Later Commit bfc78d7196eb28cd4e3d6c24f7e607bacecf1129 has
ensure that if the row_count is non-zero then we won't enter
parallel mode which means that even if parallel plan is selected
by optimizer, it will run such a plan locally.

With above support, it was just a matter of enabling parallel
mode for prepared statements which is done in attached patch
(prepared_stmt_parallel_query_v1.patch).

I have tested that parallel plans are getting generated both
via Prepare/Execute statements and libpq prepared
statement execution. Attached is a libpq program
(prepare_parallel_query.c) which I have used for testing prepared
statement support. I have done the verification manually
(using auto_explain) to ensure that parallel plans gets generated
and executed via this libpq program. This program expects some
data to be generated before-hand and the information of same is
added in file-header.

Hmm. I agree we should change exec_parse_message like this, but
changing PrepareQuery seems wrong. I mean, there's a very good chance
that a parse message will be followed by an Execute message with a
zero row count, so we'll get parallel execution.
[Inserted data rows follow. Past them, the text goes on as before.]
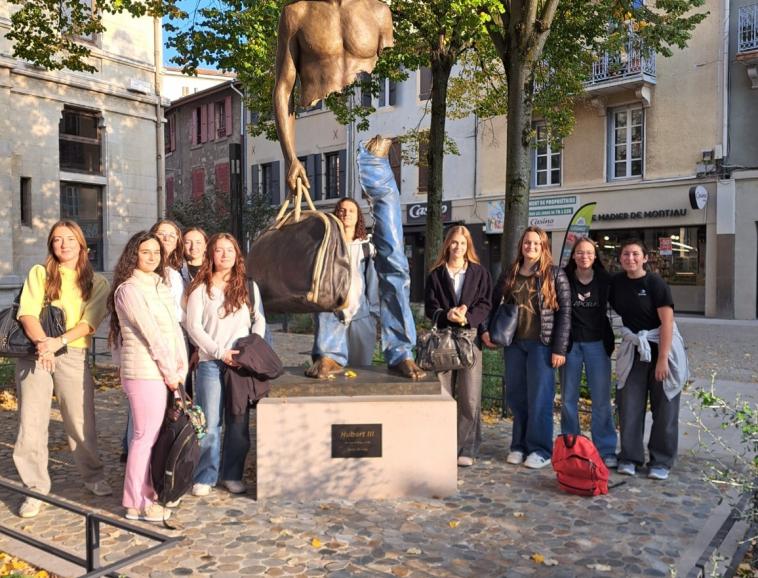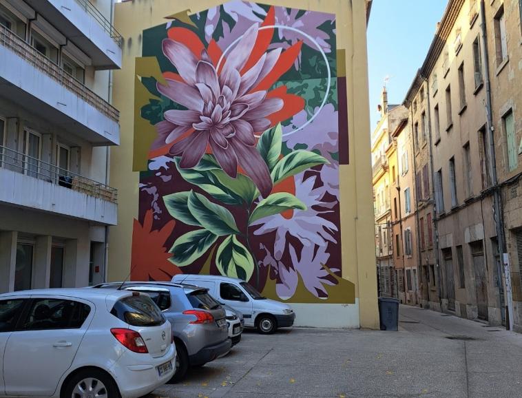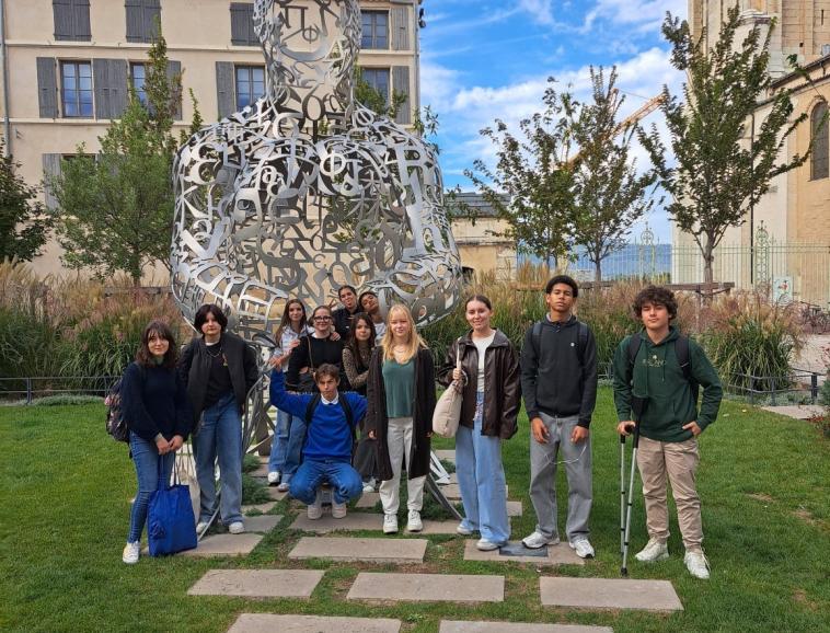 Sur le chemin, ils ont également découvert une sculpture récente de 3 mètres de haut de l’artiste contemporain habitant Crest Bruno CATALINO datée de 2025. Commandée par la ville de Valence et installée le 17 mai. Elle fait partie de la série intitulée Les voyageurs démarrée depuis 1995. Cette sculpture est caractérisée par l’absence de la partie centrale du personnage ce qui représente une prouesse technique puisqu’elle est faite autant de vide que de plein. Nous sommes ensuite tombés sur une monumentale fresque murale de 12 x 9 mètres du collectif argentin Ciclope, un duo de street artistes, venus travailler en 2023 lors du festival Wall & Love. Pour finir, ils ont pu revoir ou voir la sculpture de Jaume PLENSA créée en 2024 intitulée Le messager qui représente une figure accueillante dans laquelle il est possible de s’abriter et d’avoir un autre regard sur la place et les bâtiments qui l’entourent.
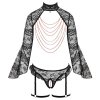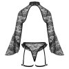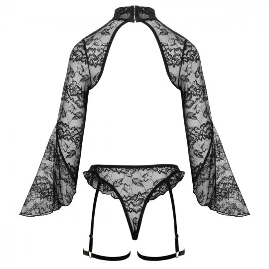 Objavte v sebe romantickú nenos a odvánu príalivos, ktorá rozprúdií fantáziu aj túbu. Táto facinujúca dvojdielna čipkovaná súprava premení kadý okamih v dokonalý záitok plný modernej elegancie a pikantného zvádzania. Krátke bolerko s golierom a dlhými volánkovými rukávmi pôsobí ako jemné pohladenie a zároveň zvýrazni enské krivky. Excelentná ozdoba dekoltu v podobe prevesených retiazok vytvára dojem luxusu a jedinečné tangá s podväzkami vám dodajú nádych prirodzeného sex-appealu. S touto súpravou sa stanete zosobnením zvodnosti, elegancie aj neodolatežného sebavedomia.
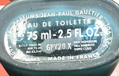 But, surprise, surprise! let's go and watch these two bottles produced in 1995 (actually, these are the first bottles of JPG Le Male): batchcode is Gxxxx (you can see even an "I", "M", or "O" in other bottles). In this case G means 1995 or 1996....
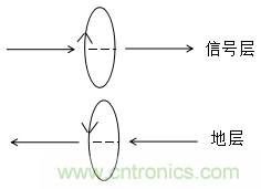 如何用右手定則來解釋信號(hào)層與地層相鄰時(shí)磁通對(duì)消效果,解釋如下:
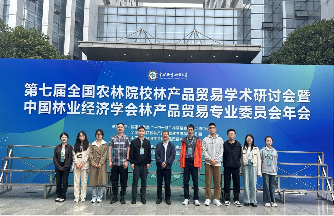 公司吴伟光经理、熊立春副教授、刘强副教授、孔令乾博士应邀参会,其中吴伟光经理受邀主持大会教师论坛,刘强副教授受邀参加农林经济管理系主任圆桌论坛,孔令乾博士受邀点评研究生分论坛。熊立春副教授在教师论坛作了“逆全球化背景下贸易便利化对木材产业全球价值链地位的影响”的报告。硕士生邬雪、张智国、杨雨晴、索晨瑶、应诗佳、冯博分别就“木材资源产业的全球价值链参与、贸易成本与效益”““双循环”背景下嵌入全球价值链对出口林产品质量的影响”“贸易成本对中国木材产业全球价值链嵌入度的影响研究”“农业数字化转型对出口农产品质量的影响”“产业转移是否提高了竹产业新质生产力:来自中国竹产业的经验证据”“绿色金融与生物多样性”在研究生论坛做学术报告。
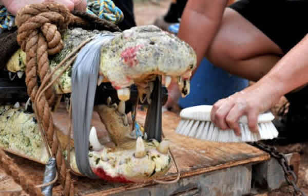 经过多次“激战”,工作人员最终还是把鳄鱼“驯服”,用绳子将它捆住。转移之前,工作人员检查了“史瑞克”的爪子,并用刷子帮它清洗了牙齿。
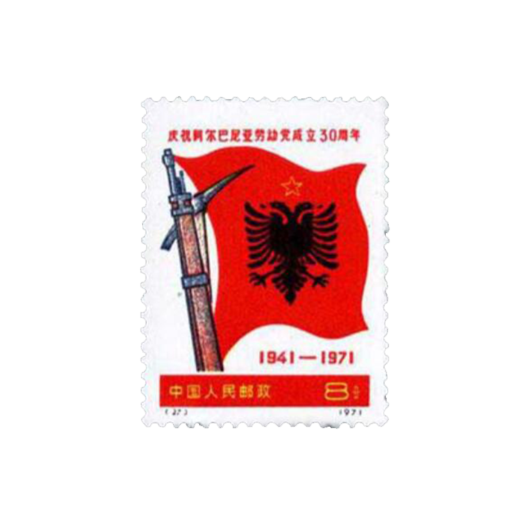 1971年11月8日,为庆祝阿尔巴尼亚劳动党成立30周年,交通部邮政总局发行了《庆祝阿尔巴尼亚劳动党成立三十周年》邮票,全套4枚。

Yes and I think libpq doesn't even provide a interface to specify row
count for prepared statements.

But if the user says
they want to PREPARE the query, they are probably not going to fetch
all rows.

After PREPARE, user will execute the statement using EXECUTE and
I don't see how user can decide number of rows to fetch which can
influence the execution. Can you please elaborate your point more
and what is your expectation for the same?

With Regards,
Amit Kapila.
EnterpriseDB: http://www.enterprisedb.com

Robert Haas

robertmhaas@gmail.com

almost 10 years ago

In reply to: Amit Kapila (#4)

Re: Prepared Statement support for Parallel query

On Thu, Feb 25, 2016 at 8:53 AM, Amit Kapila <amit.kapila16@gmail.com> wrote:

But if the user says
they want to PREPARE the query, they are probably not going to fetch
all rows.

After PREPARE, user will execute the statement using EXECUTE and
I don't see how user can decide number of rows to fetch which can
influence the execution. Can you please elaborate your point more
and what is your expectation for the same?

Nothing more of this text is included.